Village in Somerset, England

Babington is a small village in the civil parish of Kilmersdon, Somerset, England, which has now largely disappeared. It is between Radstock and Frome.

==History==
In 1233 or 1234 much of the southern area of what is now Babington Parish was granted to the Knights Templar and became known as Temple Newbury. It consisted of around four Virgates and may have supported cloth making and fulling mills.

The parish of Babington was part of the Kilmersdon Hundred,

The village dates from medieval times. Its name derives from the Babington family, who were once associated with the village, but appears to have been largely demolished to make way for the manor house around 1705. Evidence of the medieval village was found during excavations carried out in 1997.

It is known that the manor was sold by Thomas and Mary Mankham to Joan Elcode, a widow, in a deed dated Easter 1572. The Manor then contained 7 messuages, one cottage, 10 tofts, 1 water mill, 10 gardens, 14 orchards, 300 acre of land, 120 acre of meadow, 160 acre of pasture, 20 acre of wood, 120 acre of furze and 4s annual rent and 1 lb of pepper.
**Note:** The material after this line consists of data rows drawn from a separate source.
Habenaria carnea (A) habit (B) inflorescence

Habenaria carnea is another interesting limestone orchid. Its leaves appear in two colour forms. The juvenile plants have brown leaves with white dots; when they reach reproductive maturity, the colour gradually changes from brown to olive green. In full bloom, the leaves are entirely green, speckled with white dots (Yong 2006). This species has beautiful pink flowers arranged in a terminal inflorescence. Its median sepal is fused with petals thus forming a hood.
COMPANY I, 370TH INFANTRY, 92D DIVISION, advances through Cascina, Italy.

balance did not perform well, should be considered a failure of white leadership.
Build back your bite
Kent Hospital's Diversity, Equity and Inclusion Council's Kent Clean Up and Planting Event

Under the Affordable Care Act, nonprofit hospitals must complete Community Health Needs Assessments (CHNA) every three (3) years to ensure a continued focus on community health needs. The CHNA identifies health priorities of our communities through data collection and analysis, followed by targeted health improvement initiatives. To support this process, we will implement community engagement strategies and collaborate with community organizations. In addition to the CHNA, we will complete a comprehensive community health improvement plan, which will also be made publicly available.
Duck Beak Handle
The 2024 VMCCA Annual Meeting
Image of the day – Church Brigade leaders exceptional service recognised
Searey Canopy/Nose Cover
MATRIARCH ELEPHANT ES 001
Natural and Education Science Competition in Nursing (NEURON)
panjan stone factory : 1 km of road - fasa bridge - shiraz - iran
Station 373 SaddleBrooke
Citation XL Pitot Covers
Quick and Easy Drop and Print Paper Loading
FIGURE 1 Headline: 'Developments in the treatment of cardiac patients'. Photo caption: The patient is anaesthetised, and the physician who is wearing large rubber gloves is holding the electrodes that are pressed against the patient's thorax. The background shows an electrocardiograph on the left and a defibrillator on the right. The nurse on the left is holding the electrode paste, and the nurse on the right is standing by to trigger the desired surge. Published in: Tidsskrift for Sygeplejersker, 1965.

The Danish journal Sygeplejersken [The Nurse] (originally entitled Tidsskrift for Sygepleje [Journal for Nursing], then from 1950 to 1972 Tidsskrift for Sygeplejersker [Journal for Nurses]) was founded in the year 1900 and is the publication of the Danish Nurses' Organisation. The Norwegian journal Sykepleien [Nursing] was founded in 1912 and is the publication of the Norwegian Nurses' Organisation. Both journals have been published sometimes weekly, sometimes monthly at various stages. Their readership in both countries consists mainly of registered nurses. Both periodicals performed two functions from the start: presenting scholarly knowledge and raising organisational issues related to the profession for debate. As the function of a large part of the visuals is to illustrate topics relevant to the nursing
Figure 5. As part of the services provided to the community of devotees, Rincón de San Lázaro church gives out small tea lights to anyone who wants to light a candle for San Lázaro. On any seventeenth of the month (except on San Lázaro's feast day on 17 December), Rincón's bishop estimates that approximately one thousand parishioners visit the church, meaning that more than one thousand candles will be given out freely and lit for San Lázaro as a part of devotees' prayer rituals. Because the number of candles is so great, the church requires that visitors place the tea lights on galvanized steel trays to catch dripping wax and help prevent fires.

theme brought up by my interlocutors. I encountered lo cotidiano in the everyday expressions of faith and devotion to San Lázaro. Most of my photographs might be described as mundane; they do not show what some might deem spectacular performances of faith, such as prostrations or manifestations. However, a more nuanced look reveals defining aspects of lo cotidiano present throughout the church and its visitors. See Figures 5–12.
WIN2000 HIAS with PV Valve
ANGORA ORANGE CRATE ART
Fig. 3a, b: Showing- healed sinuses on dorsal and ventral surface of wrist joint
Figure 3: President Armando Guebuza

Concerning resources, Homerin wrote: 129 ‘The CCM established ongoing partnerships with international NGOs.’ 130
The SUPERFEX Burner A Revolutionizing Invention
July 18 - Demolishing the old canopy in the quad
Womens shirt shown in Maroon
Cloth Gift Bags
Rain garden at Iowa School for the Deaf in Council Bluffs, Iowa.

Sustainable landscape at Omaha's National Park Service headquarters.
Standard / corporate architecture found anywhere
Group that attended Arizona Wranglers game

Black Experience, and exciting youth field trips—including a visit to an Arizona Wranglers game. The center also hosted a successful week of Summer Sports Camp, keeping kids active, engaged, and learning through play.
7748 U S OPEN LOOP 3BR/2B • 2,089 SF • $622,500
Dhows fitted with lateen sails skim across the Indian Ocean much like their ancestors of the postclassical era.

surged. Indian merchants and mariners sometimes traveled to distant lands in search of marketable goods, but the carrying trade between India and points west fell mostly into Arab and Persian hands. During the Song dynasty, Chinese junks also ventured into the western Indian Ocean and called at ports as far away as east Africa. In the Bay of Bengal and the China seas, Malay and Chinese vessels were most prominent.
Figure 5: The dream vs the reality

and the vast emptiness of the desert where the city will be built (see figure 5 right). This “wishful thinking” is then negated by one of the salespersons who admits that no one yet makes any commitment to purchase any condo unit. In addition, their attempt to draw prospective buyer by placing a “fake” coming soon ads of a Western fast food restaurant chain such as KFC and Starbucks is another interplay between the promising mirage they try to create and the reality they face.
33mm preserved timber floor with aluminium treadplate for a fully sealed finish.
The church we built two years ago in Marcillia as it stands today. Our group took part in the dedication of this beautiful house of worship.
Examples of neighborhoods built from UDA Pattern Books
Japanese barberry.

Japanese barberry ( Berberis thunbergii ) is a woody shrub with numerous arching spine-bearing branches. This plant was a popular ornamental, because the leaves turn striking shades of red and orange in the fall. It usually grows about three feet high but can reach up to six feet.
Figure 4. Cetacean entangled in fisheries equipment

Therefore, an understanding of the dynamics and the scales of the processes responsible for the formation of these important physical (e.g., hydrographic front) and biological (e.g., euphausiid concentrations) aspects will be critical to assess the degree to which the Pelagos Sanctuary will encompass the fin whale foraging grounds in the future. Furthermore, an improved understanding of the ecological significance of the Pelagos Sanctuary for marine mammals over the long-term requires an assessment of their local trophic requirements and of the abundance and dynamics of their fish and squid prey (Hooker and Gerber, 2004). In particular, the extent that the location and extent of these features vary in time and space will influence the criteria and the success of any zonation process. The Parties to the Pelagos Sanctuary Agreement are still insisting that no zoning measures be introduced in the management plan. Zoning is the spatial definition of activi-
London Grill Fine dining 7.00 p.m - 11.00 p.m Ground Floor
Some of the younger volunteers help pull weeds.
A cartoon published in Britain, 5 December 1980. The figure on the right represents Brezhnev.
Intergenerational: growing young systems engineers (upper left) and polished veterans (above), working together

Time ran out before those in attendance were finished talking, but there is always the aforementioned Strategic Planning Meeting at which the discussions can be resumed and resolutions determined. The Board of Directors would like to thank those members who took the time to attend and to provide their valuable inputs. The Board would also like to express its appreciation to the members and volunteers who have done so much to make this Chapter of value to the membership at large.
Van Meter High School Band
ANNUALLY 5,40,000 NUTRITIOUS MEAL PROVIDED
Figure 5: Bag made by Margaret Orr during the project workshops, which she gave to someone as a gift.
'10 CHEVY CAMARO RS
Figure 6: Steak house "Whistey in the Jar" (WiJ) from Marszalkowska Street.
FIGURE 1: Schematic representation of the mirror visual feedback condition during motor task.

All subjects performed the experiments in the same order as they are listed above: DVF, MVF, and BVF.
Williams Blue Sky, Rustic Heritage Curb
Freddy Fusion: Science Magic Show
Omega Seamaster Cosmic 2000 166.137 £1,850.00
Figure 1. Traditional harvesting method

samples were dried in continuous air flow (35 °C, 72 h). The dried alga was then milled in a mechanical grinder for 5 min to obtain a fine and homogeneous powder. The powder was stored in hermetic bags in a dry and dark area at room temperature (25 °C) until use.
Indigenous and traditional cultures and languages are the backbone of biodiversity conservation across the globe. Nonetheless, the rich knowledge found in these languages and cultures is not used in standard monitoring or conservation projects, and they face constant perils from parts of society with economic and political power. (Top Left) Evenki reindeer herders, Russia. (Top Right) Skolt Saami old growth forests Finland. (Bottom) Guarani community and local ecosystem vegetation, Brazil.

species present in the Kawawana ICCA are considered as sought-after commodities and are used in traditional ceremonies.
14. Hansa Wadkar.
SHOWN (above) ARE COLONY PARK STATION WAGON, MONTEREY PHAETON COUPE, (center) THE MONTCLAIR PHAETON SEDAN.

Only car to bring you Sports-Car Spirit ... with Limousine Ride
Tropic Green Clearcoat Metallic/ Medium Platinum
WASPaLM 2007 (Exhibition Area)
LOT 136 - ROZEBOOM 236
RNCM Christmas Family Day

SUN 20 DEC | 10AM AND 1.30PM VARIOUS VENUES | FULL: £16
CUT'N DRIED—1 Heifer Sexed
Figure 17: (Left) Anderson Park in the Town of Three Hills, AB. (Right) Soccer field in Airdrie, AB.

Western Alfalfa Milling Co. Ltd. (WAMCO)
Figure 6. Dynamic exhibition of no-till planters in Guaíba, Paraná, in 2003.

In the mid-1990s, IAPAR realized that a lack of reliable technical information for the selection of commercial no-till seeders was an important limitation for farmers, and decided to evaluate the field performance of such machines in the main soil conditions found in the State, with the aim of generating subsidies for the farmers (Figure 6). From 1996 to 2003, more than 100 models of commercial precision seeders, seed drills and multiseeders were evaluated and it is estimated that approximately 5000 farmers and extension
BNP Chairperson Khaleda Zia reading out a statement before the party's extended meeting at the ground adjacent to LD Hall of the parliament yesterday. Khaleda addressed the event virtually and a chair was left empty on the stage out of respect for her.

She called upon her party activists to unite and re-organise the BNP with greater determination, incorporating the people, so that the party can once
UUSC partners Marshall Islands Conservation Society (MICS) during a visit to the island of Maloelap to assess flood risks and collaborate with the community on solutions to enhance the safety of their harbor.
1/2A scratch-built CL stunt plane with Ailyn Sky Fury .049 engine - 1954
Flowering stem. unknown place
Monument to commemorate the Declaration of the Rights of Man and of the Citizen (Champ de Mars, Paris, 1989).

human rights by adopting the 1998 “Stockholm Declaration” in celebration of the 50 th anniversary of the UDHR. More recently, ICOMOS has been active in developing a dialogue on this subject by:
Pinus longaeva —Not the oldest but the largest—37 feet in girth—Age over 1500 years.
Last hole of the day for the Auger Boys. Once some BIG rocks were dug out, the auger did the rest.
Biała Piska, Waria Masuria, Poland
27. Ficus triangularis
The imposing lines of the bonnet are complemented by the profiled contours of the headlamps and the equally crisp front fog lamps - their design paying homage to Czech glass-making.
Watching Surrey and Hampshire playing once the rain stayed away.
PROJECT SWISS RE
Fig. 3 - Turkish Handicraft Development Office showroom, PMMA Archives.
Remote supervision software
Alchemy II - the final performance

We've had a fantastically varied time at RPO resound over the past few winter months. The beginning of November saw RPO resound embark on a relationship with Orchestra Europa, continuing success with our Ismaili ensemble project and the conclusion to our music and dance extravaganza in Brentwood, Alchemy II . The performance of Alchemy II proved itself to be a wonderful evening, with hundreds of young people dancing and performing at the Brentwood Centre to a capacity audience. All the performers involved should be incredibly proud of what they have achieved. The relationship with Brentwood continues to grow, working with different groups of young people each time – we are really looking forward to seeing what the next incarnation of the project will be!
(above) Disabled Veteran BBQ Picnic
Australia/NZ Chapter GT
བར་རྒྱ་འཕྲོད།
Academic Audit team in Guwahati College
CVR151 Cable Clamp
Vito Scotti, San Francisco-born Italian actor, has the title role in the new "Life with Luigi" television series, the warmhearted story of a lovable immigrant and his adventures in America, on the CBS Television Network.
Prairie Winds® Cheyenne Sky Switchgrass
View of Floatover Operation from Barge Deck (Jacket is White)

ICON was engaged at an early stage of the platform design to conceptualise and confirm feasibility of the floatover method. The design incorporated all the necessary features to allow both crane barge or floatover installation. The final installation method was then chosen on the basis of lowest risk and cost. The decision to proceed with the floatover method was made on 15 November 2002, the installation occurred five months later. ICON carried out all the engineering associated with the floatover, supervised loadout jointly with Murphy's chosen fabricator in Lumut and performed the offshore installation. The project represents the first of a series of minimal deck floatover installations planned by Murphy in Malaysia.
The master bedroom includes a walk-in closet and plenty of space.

In 1931 the parish had a population of 248. On 1 April 1949 the parish was abolished and merged with Kilmersdon and Coleford.

==Babington House==

The current Babington House was built around 1705 for Henry Mompesson, probably on the foundations of an earlier building. Babington was inherited by successive members of the Knatchbull family until 1952, when the House and immediate grounds were sold. In 2000, it was bought by the Soho House club, and converted to a hotel, club and wedding venue in 2000.

The Georgian architecture house is designated by English Heritage as a Grade II* listed building. The 18th-century stable block and coach house have now been made into three separate dwellings. The grounds also contain a listed ice house and two impressive sets of gates.

==Church of St Margaret==

The church is thought to date from 1748 and was probably built by John Strahan or William Halfpenny, and is considered to be very similar in conception to Redland Chapel in Bristol which was long considered to be by John Strahan but now known to be by William Halfpenny. It is a Grade I listed building. The interior includes an unusual Royal Arms of the Hanoverians on the Rood.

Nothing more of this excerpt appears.